+++ RAW DATA +++

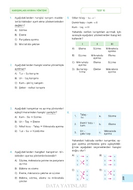 KARIŞIMLARI AYIRMA YÖNTEMİ TEST 15
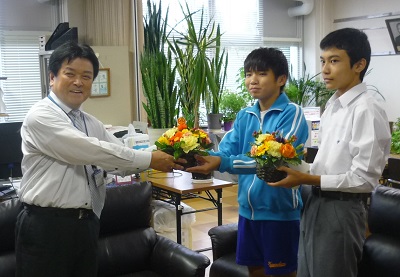 上三川中学校福祉人権委員会より、アレンジフラワーの寄贈がありました。
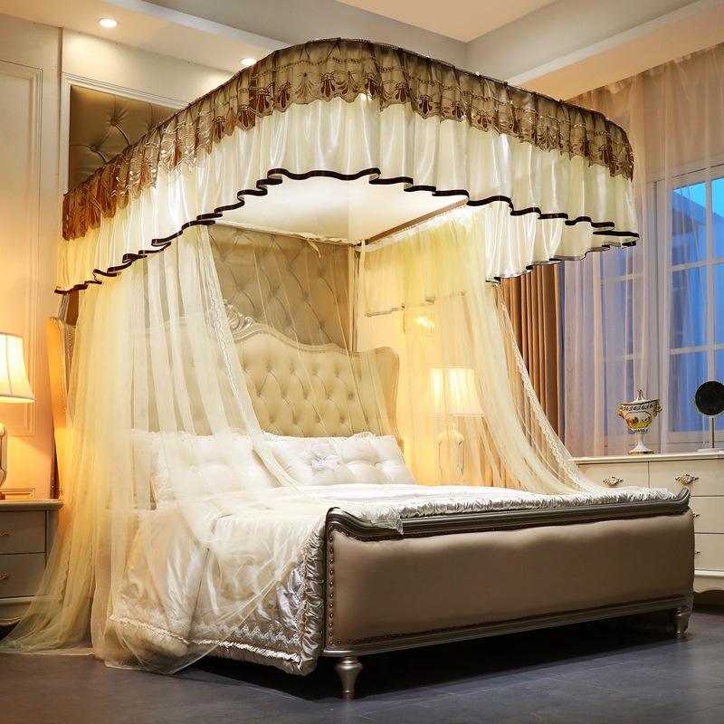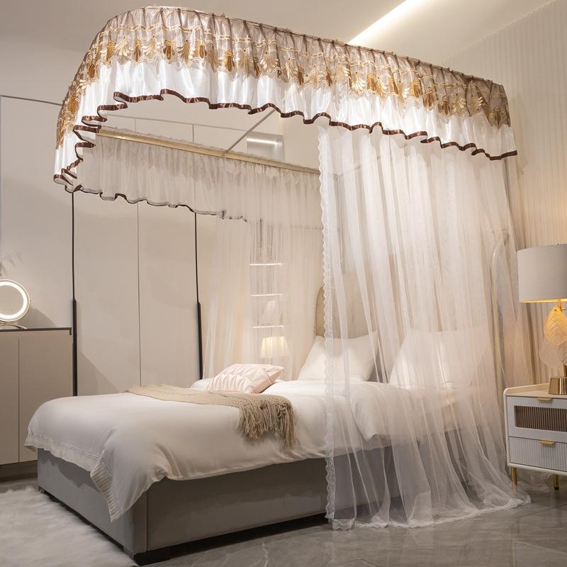 มุ้งกันยุงลูกไม้กันยุงเตียงคู่ในร่มทำจากโพลีเอสเตอร์100% รูปตัวยูหรูหรา

+++

> _TASK DETAILS_
Keep every word of the material exactly as given. Drop the pictures.

> _SOLUTION TO THE EXERCISE_
 KARIŞIMLARI AYIRMA YÖNTEMİ TEST 15
 上三川中学校福祉人権委員会より、アレンジフラワーの寄贈がありました。
 มุ้งกันยุงลูกไม้กันยุงเตียงคู่ในร่มทำจากโพลีเอสเตอร์100% รูปตัวยูหรูหรา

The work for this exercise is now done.